- Action item -
Print the data exactly. Omit the pictures.

- Stored data -
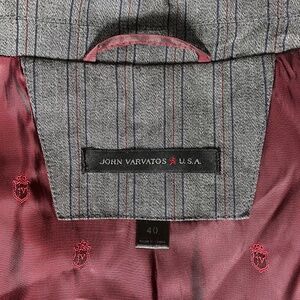 The John Varvatos Finley Skull Jacket in size 40 is a stylish and sophisticated blazer designed for casual occasions. Featuring a pinstripe pattern, button closure, and a sleek gray color, this jacket is perfect for the winter, fall, and spring seasons. Made by the renowned brand John Varvatos, the jacket showcases a unique skull theme, adding a touch of edgy flair to a classic design. With a regular fit, double vent and three-button sleeves, this jacket is a versatile and fashionable addition to any man's wardrobe. Excellent condition as shown in the photos.
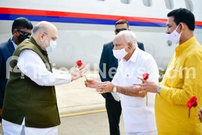 Photo Caption : Minister of Home Affairs Amit Shah being welcomed by Chief Minister of Karnataka BS Yediyurappa during his visit to Karnataka, in Bengaluru on Saturday 16th January 2021
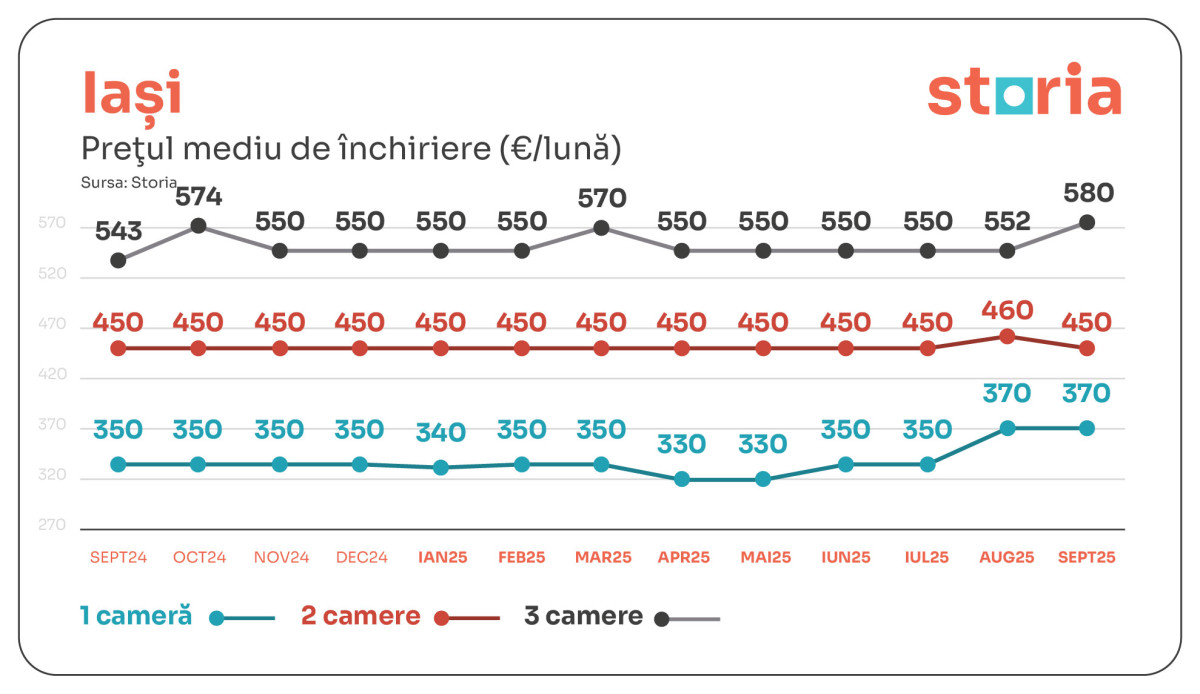 În IAȘI, o garsonieră se închiriază în medie cu 370 de euro, cu 6% mai mult decât în septembrie 2024, în timp ce apartamentele cu trei camere au ajuns la 580 de euro, în creștere cu 7% față de anul anterior. La două camere, chiria medie este de 450 de euro (cu 2% mai mică față de luna anterioară).
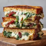 This Sun-Dried Tomato, Spinach, and Ricotta Grilled Cheese Recipe is a delicious and gourmet twist on the classic grilled cheese sandwich. It features a creamy ricotta and mozzarella cheese blend mixed with sun-dried tomatoes and fresh spinach, sandwiched between slices of sourdough or Italian bread, then grilled to golden perfection. Perfect for a comforting lunch or light dinner, this sandwich combines Italian-inspired flavors with the comforting warmth of a traditional grilled cheese.
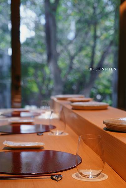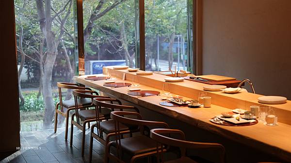 餐廳提供大包廂12席,小包廂4席,我們今天被安排至板前,有9席。走入板前空間瞬間明亮,大片玻璃窗將自然光引入,木質設計空間流動著禪意帶出簡約和諧的氛圍,窗外綠意相擁樹影婆娑。午間價位二階套餐2000元/壽司套餐2000元;晚餐價位二階套餐3500/5500 壽司套餐3500元/5500元;
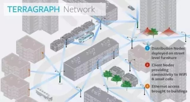 Terragraph屬于網(wǎng)絡(luò)回傳設(shè)備。它采用60GHz毫米波,將設(shè)備掛在城市的路燈桿上,組成網(wǎng)狀的回傳網(wǎng)絡(luò),節(jié)點間交叉連接,互為備份,不會因為某一節(jié)點故障而導(dǎo)致網(wǎng)絡(luò)中斷,以代替城市光纖鋪設(shè),降低成本,提升網(wǎng)絡(luò)建設(shè)速度。
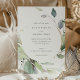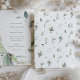 Entra num mundo de beleza delicada com este convite de casamento à aquarela, perfeito para um casal que procura uma mistura de elegância e encanto natural. O convite apresenta um sofisticado conjunto de folhagem aquosa, com folhas em tons de sábio, verde eucalipto e prata macia, acentuadas elegantemente por speck de ouro falso. Um arco sutil de brilho do ouro cria um ponto focal único, enquadrando os nomes dos casais e os detalhes de seu dia especial. Esse convite, com sua sensação orgânica e uma dica de brilho, promete um evento de casamento cheio de romance e encanto.
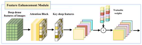 The FEM maps the overall feature vectors of the input image and then analyzes the intrinsic dependencies between feature vector sequences to effectively extract and integrate global information. The deep dense features of the image output by the SFM are used as input for the FEM, where the input is represented as , with being the i-th feature vector. Through the learnable weight matrices , , and , the input sequence is mapped to query, key, and value vectors, respectively:
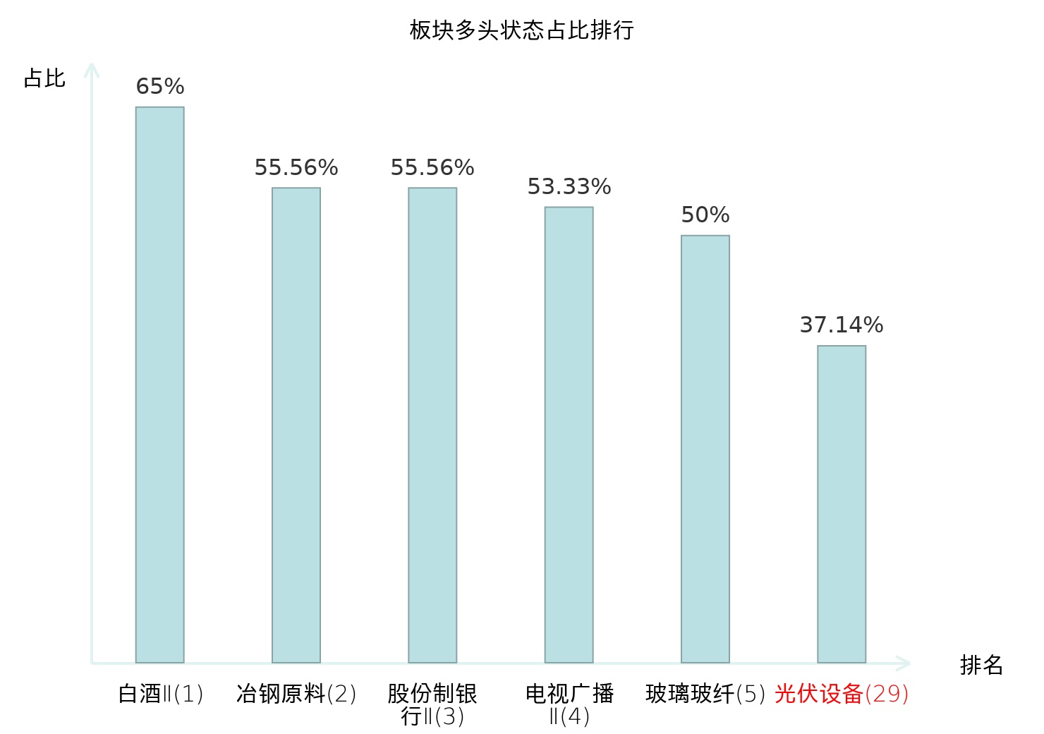 全市场所有行业板块中主力多头状态占比排名中,白酒Ⅱ板块位居第一。白酒Ⅱ板块名次提升最快,较昨日上升71位。
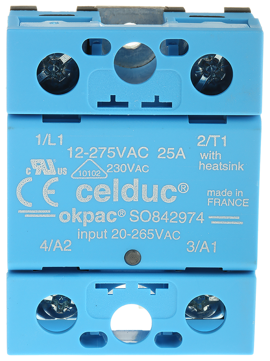 This is 25 A Solid State Relay Zero Crossing Chassis Mount Triac 275 V rms Maximum Load manufactured by Celduc. The manufacturer part number is SO842974. The given dimensions of the product include 58.5 x 45 x 30mm. This is basically a single phase solid state relay. It has a maximum operating temperature of +100°c. The terminal is a screw type. Its accurate length is 58.5mm. The product is available in panel mount configuration. The product so8, is a highly preferred choice for users. The product comes in 45mm depth. In addition, the height is 30mm. Whereas, the minimum operating temperature of the product is -55°c. It has equipped with 1 poles.

- Response to the task -
 The John Varvatos Finley Skull Jacket in size 40 is a stylish and sophisticated blazer designed for casual occasions. Featuring a pinstripe pattern, button closure, and a sleek gray color, this jacket is perfect for the winter, fall, and spring seasons. Made by the renowned brand John Varvatos, the jacket showcases a unique skull theme, adding a touch of edgy flair to a classic design. With a regular fit, double vent and three-button sleeves, this jacket is a versatile and fashionable addition to any man's wardrobe. Excellent condition as shown in the photos.
 Photo Caption : Minister of Home Affairs Amit Shah being welcomed by Chief Minister of Karnataka BS Yediyurappa during his visit to Karnataka, in Bengaluru on Saturday 16th January 2021
 În IAȘI, o garsonieră se închiriază în medie cu 370 de euro, cu 6% mai mult decât în septembrie 2024, în timp ce apartamentele cu trei camere au ajuns la 580 de euro, în creștere cu 7% față de anul anterior. La două camere, chiria medie este de 450 de euro (cu 2% mai mică față de luna anterioară).
 This Sun-Dried Tomato, Spinach, and Ricotta Grilled Cheese Recipe is a delicious and gourmet twist on the classic grilled cheese sandwich. It features a creamy ricotta and mozzarella cheese blend mixed with sun-dried tomatoes and fresh spinach, sandwiched between slices of sourdough or Italian bread, then grilled to golden perfection. Perfect for a comforting lunch or light dinner, this sandwich combines Italian-inspired flavors with the comforting warmth of a traditional grilled cheese.
 餐廳提供大包廂12席,小包廂4席,我們今天被安排至板前,有9席。走入板前空間瞬間明亮,大片玻璃窗將自然光引入,木質設計空間流動著禪意帶出簡約和諧的氛圍,窗外綠意相擁樹影婆娑。午間價位二階套餐2000元/壽司套餐2000元;晚餐價位二階套餐3500/5500 壽司套餐3500元/5500元;
 Terragraph屬于網(wǎng)絡(luò)回傳設(shè)備。它采用60GHz毫米波,將設(shè)備掛在城市的路燈桿上,組成網(wǎng)狀的回傳網(wǎng)絡(luò),節(jié)點間交叉連接,互為備份,不會因為某一節(jié)點故障而導(dǎo)致網(wǎng)絡(luò)中斷,以代替城市光纖鋪設(shè),降低成本,提升網(wǎng)絡(luò)建設(shè)速度。
 Entra num mundo de beleza delicada com este convite de casamento à aquarela, perfeito para um casal que procura uma mistura de elegância e encanto natural. O convite apresenta um sofisticado conjunto de folhagem aquosa, com folhas em tons de sábio, verde eucalipto e prata macia, acentuadas elegantemente por speck de ouro falso. Um arco sutil de brilho do ouro cria um ponto focal único, enquadrando os nomes dos casais e os detalhes de seu dia especial. Esse convite, com sua sensação orgânica e uma dica de brilho, promete um evento de casamento cheio de romance e encanto.
 The FEM maps the overall feature vectors of the input image and then analyzes the intrinsic dependencies between feature vector sequences to effectively extract and integrate global information. The deep dense features of the image output by the SFM are used as input for the FEM, where the input is represented as , with being the i-th feature vector. Through the learnable weight matrices , , and , the input sequence is mapped to query, key, and value vectors, respectively:
 全市场所有行业板块中主力多头状态占比排名中,白酒Ⅱ板块位居第一。白酒Ⅱ板块名次提升最快,较昨日上升71位。
 This is 25 A Solid State Relay Zero Crossing Chassis Mount Triac 275 V rms Maximum Load manufactured by Celduc. The manufacturer part number is SO842974. The given dimensions of the product include 58.5 x 45 x 30mm. This is basically a single phase solid state relay. It has a maximum operating temperature of +100°c. The terminal is a screw type. Its accurate length is 58.5mm. The product is available in panel mount configuration. The product so8, is a highly preferred choice for users. The product comes in 45mm depth. In addition, the height is 30mm. Whereas, the minimum operating temperature of the product is -55°c. It has equipped with 1 poles.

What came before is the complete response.